Bagi pelari pemula, sebaiknya mulai dengan prinsip build slowly, recover wisely. Tingkatkan jarak dan intensitas secara bertahap, bukan karena ajakan komunitas atau tantangan media sosial. Gunakan pakaian yang sesuai kondisi cuaca, minum cukup sebelum dan sesudah berlari, serta lakukan pendinginan agar detak jantung kembali normal. Bila ingin bergabung dalam event besar, pastikan sudah melalui latihan minimal enam minggu berturut-turut dengan progres yang stabil (ACSM, 2023).
Selain aspek fisiologis, pelari perlu menjaga keseimbangan psikologis. Rasa senang dan semangat kompetitif adalah hal baik, tapi jangan sampai mengubah olahraga menjadi sumber tekanan baru.
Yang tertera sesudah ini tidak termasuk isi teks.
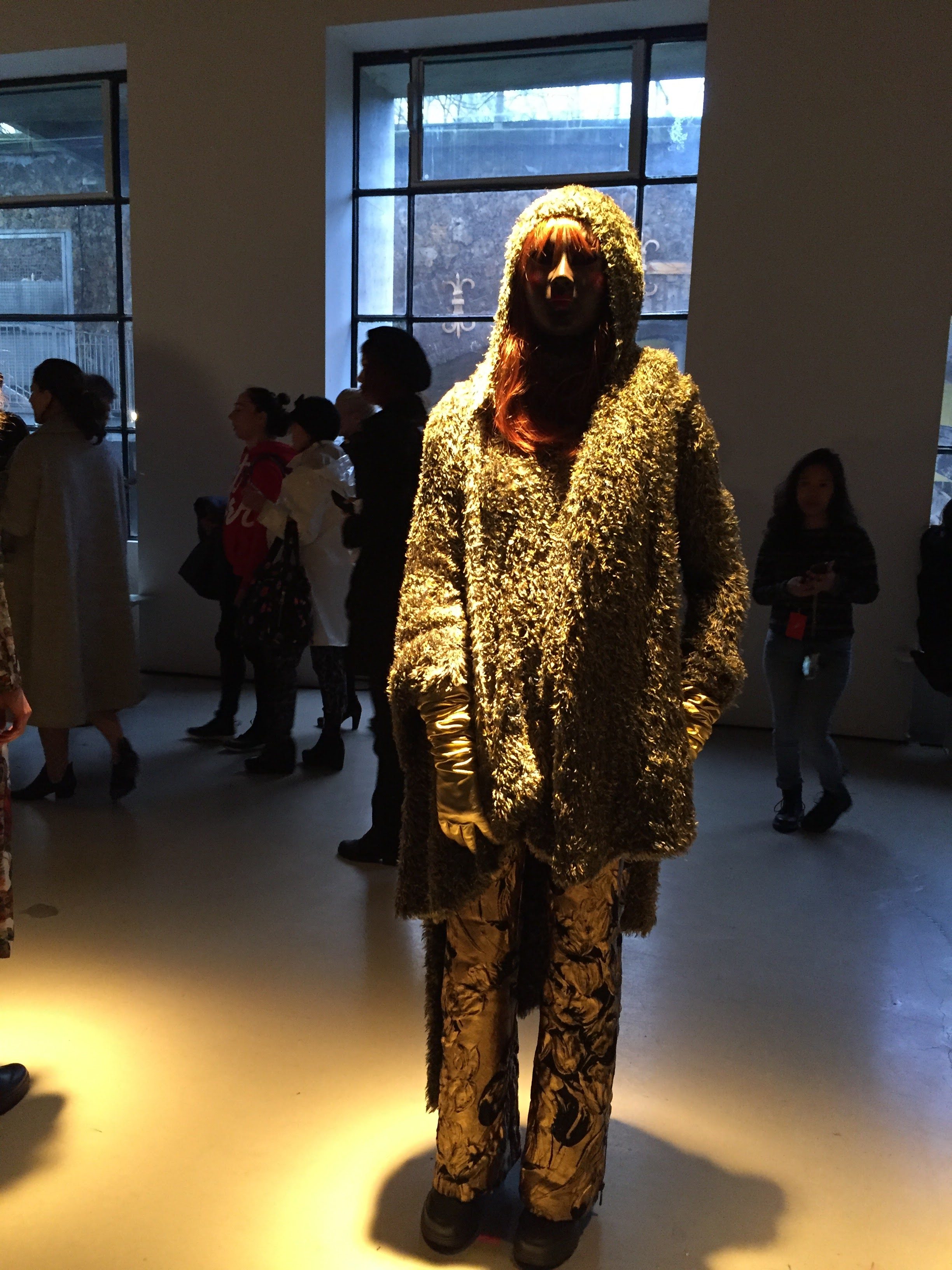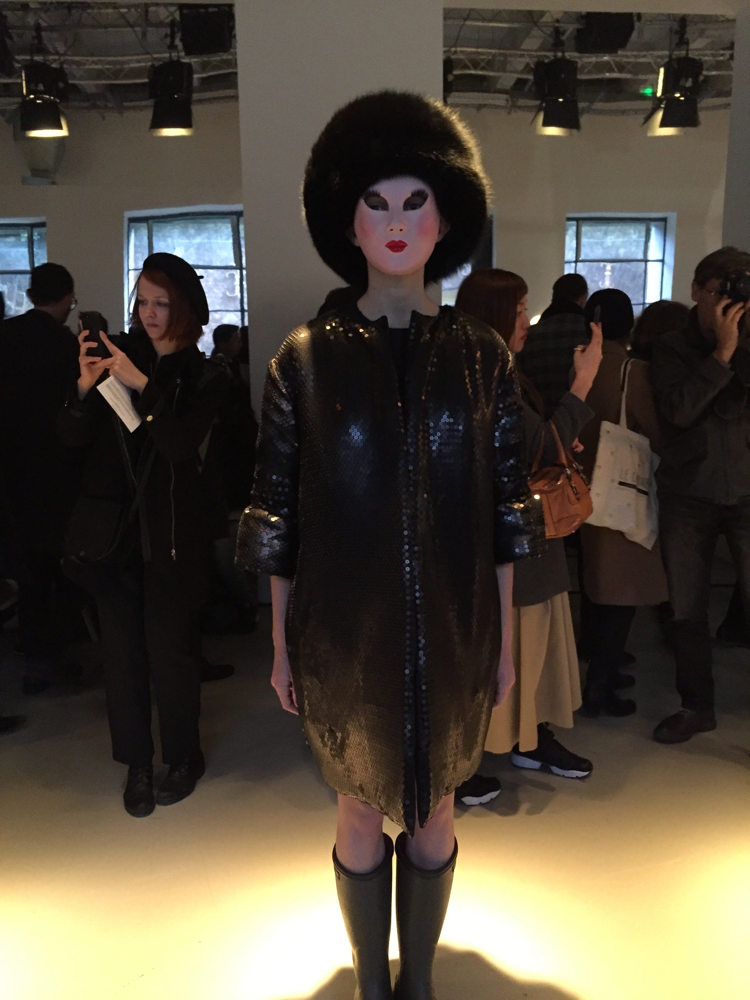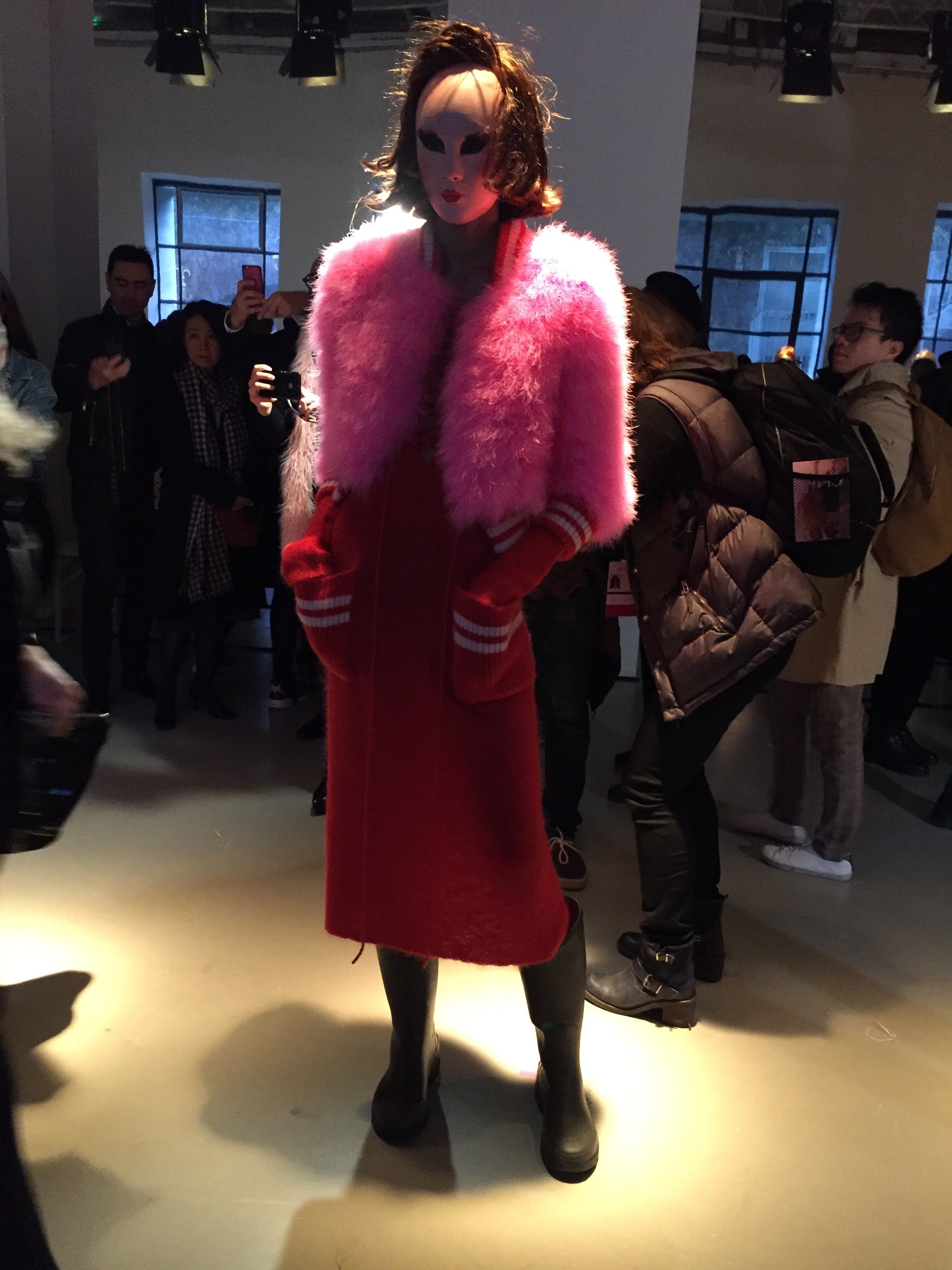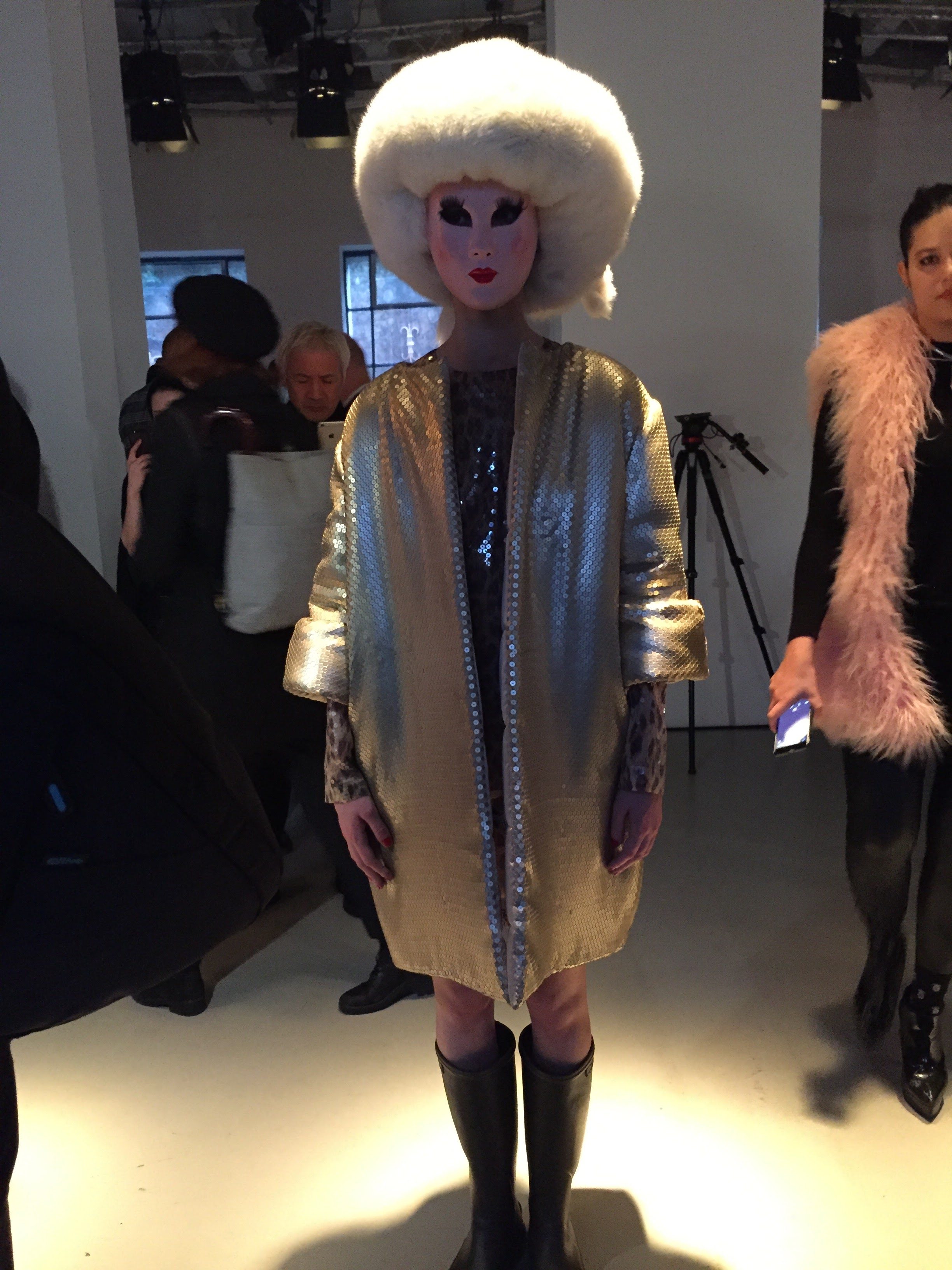 Manteaux plume à paillettes sur tuniques panthères, blousons cygnes fluos à bord-cote college sur robe tricotées, mailles fourrures de soie, pull brodés d’or, les couleurs éclatent, les silhouettes et les époques se télescopent.
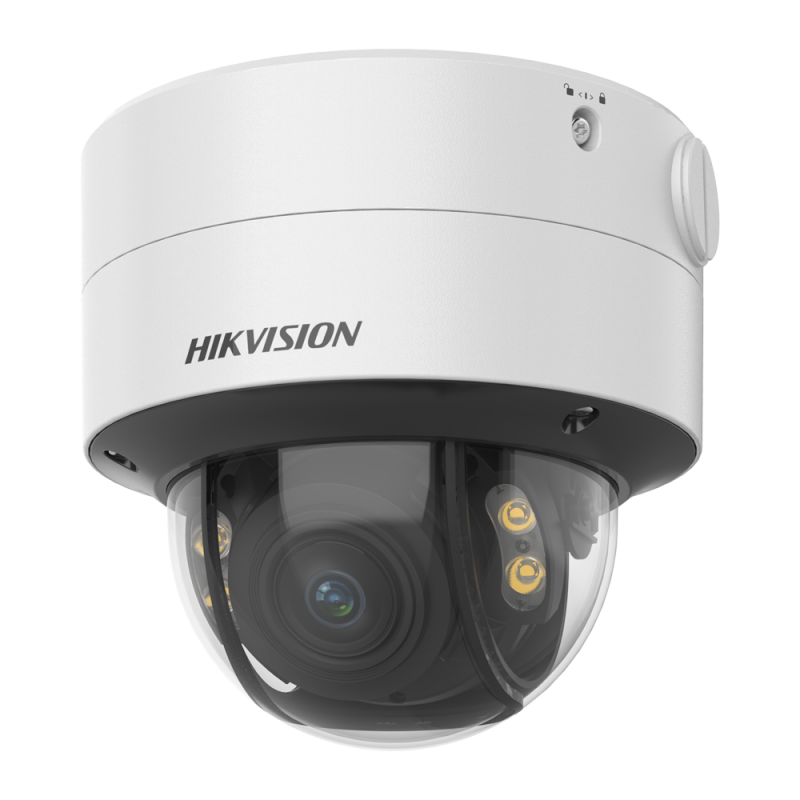 Cámara Domo IP Hikvision, 4 MP, lente varifocal motorizada de 3.6 a 9 mm, luz blanca 40 metros, ColorVu, PoE, IP67, IK10.Recipiente :
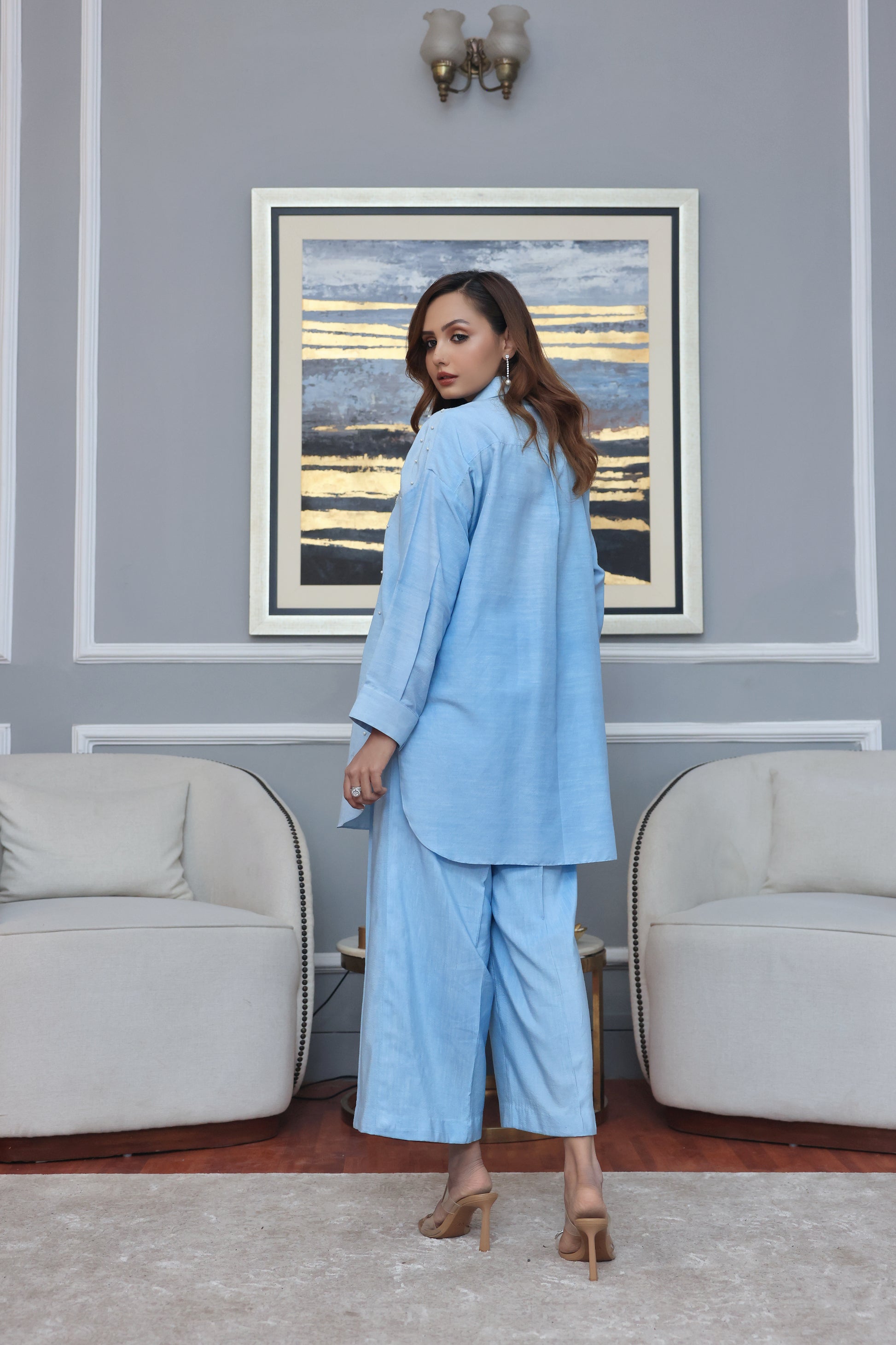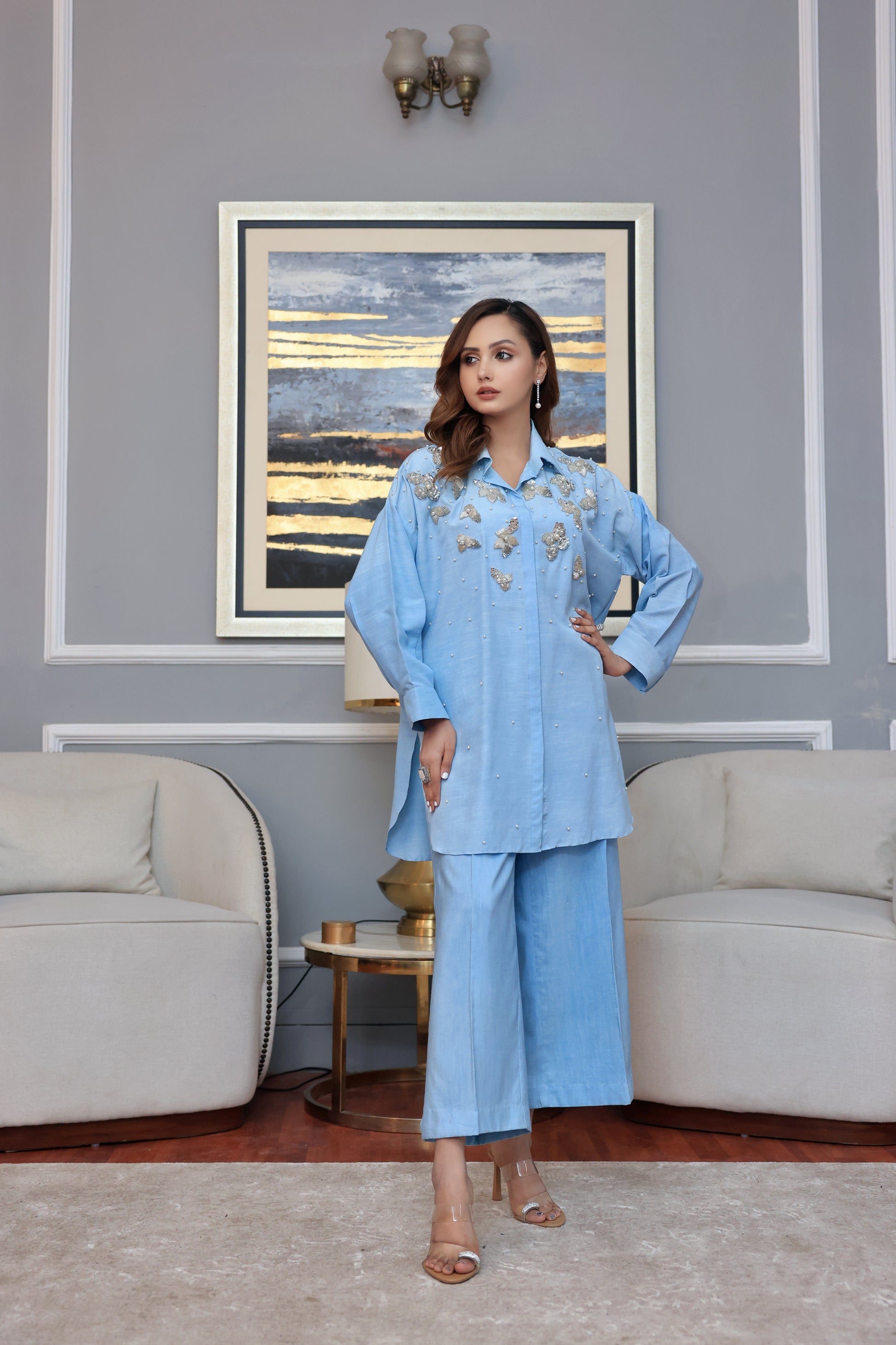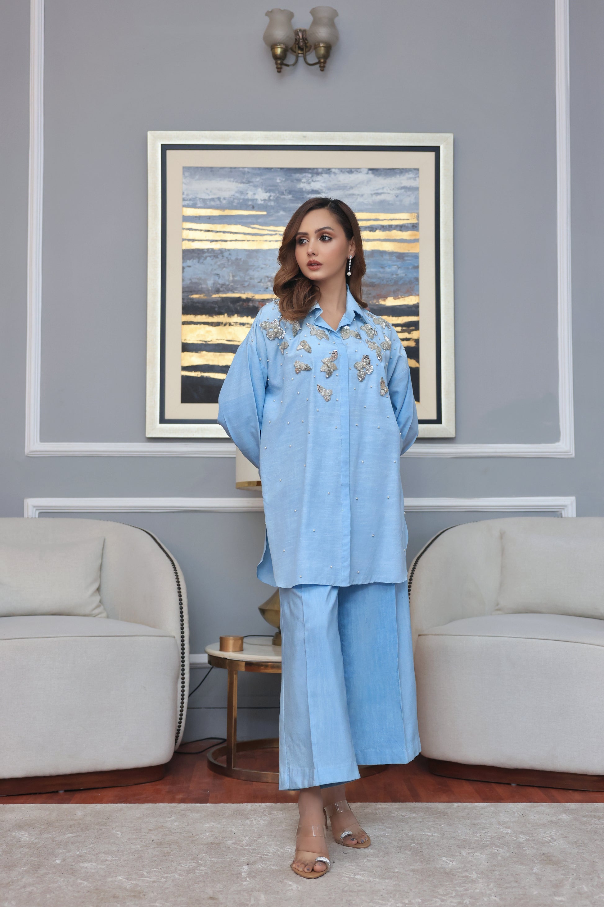 2 Piece Front open dress shirt. Fabric Korean raw silk hand embelished with stones, pearls 3D Flowers and crystals. Paired with loose cut pants.

Dalam fisiologi olahraga, keseimbangan antara motivasi dan pemulihan disebut homeostasis motivasional ketika seseorang tahu kapan harus maju dan kapan harus berhenti. Tubuh yang lelah adalah sinyal, bukan musuh.
Tren lari kalcer seharusnya menjadi gerakan sosial yang sehat, bukan kompetisi eksistensi. Komunitas lari punya peran besar dalam menanamkan literasi olahraga berbasis sains tentang pentingnya hidrasi, tanda bahaya tubuh, dan cara mencegah cedera. Makin banyak komunitas yang mengedukasi, makin aman pula budaya lari itu berkembang.
Pada akhirnya, lari tetaplah aktivitas sederhana yang mengajarkan konsistensi dan kesadaran diri. Namun, di tengah sorotan kamera dan hiruk pikuk tren. Mari ingat, tubuh bukan algoritma yang bisa disetel sesuai jadwal unggahan.
Berlarilah untuk bahagia, bukan untuk tampil sempurna. Sebab, kebugaran sejati bukan tentang siapa yang paling cepat, tetapi siapa yang paling memahami tubuhnya sendiri.
Fenomena pelari kalcer ini juga mencerminkan perubahan nilai dalam masyarakat urban. Aktivitas fisik kini dipadukan dengan estetika, teknologi, dan komunitas digital yang saling memperkuat.
Aplikasi pelacak lari, jam pintar, dan algoritma media sosial menciptakan sistem penghargaan tersendiri bagi siapa yang paling aktif dan konsisten. Dalam konteks ini, olahraga bukan lagi aktivitas individual, melainkan bagian dari ekosistem sosial yang menuntut performa dan eksposur bersamaan.
Ketika olahraga menjadi representasi identitas, keseimbangan antara motivasi intrinsik dan ekstrinsik menjadi hal yang krusial untuk dijaga.
Selain itu, tren tersebut membuka peluang riset menarik dalam bidang fisiologi olahraga dan psikologi sosial. Bagaimana tekanan sosial memengaruhi performa fisik? Apakah motivasi berbasis eksistensi mampu bertahan dalam jangka panjang?
Pertanyaan-pertanyaan itu penting dijawab agar budaya lari yang tumbuh tidak hanya ramai di permukaan, tetapi juga sehat secara ilmiah dan berkelanjutan.
Di masa depan, sinergi antara sains olahraga dan budaya populer bisa menjadi kunci untuk menciptakan generasi pelari yang bukan hanya cepat di lintasan, tetapi juga cerdas memahami tubuh dan makna dari setiap langkahnya. (*)
*) Oviesta Tasha Retyananda adalah mahasiswa doktoral ilmu keolahragaan.